We also suspect there to be a discontinuity at $x = 0$. We note that $f(0) = 0^2 + \frac{2}{0}$ is undefined. Since $f(0)$ is not defined, there exists a discontinuity at $x = 0$ as well.

# Continuity over a Function's Domain and an Interval

 Definition: A function $f$ is said to be Continuous if $f$ is continuous at every value $a \in D(f)$ (every value $a$ in the domain of $f$). Additionally, a function $f$ is continuous over an interval $I$ if $f$ is continuous at every value $a \in I$.

There are certain functions that are always continuous at every number in their domains, namely polynomials, trigonometric functions, exponential functions, logarithmic functions, root functions, etc…

# Continuity Laws

We will now look at some very important laws of continuity.

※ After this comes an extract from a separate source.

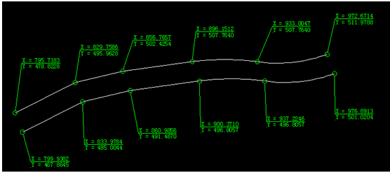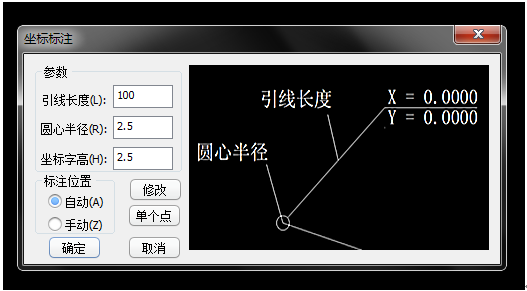 設計師能夠方便地在標注前設置引線長度,圓心半徑,坐標自高的參數設置。其中,標注方式分為手動與自動兩種。自動標注會一次性標注框選多段線每個夾點的坐標以相切45度于多段線的。手動標注可以調整坐標標注方向,引線長度以避免與其他標注碰撞。點擊對話框中的“修改”按鈕,則可以調整已標注的引線長度、方向。點擊“單個點”可以單獨標注多段線上任意點的坐標。

 Theorem 1: Let $f$ and $g$ be continuous functions at $a$, and $k$ is a constant. Then the following properties hold: a). The sum $f + g$ is continuous at $a$. b). The difference $f - g$ is continuous at $a$. c). The multiple $kf$ is continuous at $a$. d). The product $fg$ is continuous at $a$. e). The quotient $\frac{f}{g}$ is continuous at $a$ provided that $g(a) \neq 0$.

We will now prove all five properties using the limit laws we have already looked at.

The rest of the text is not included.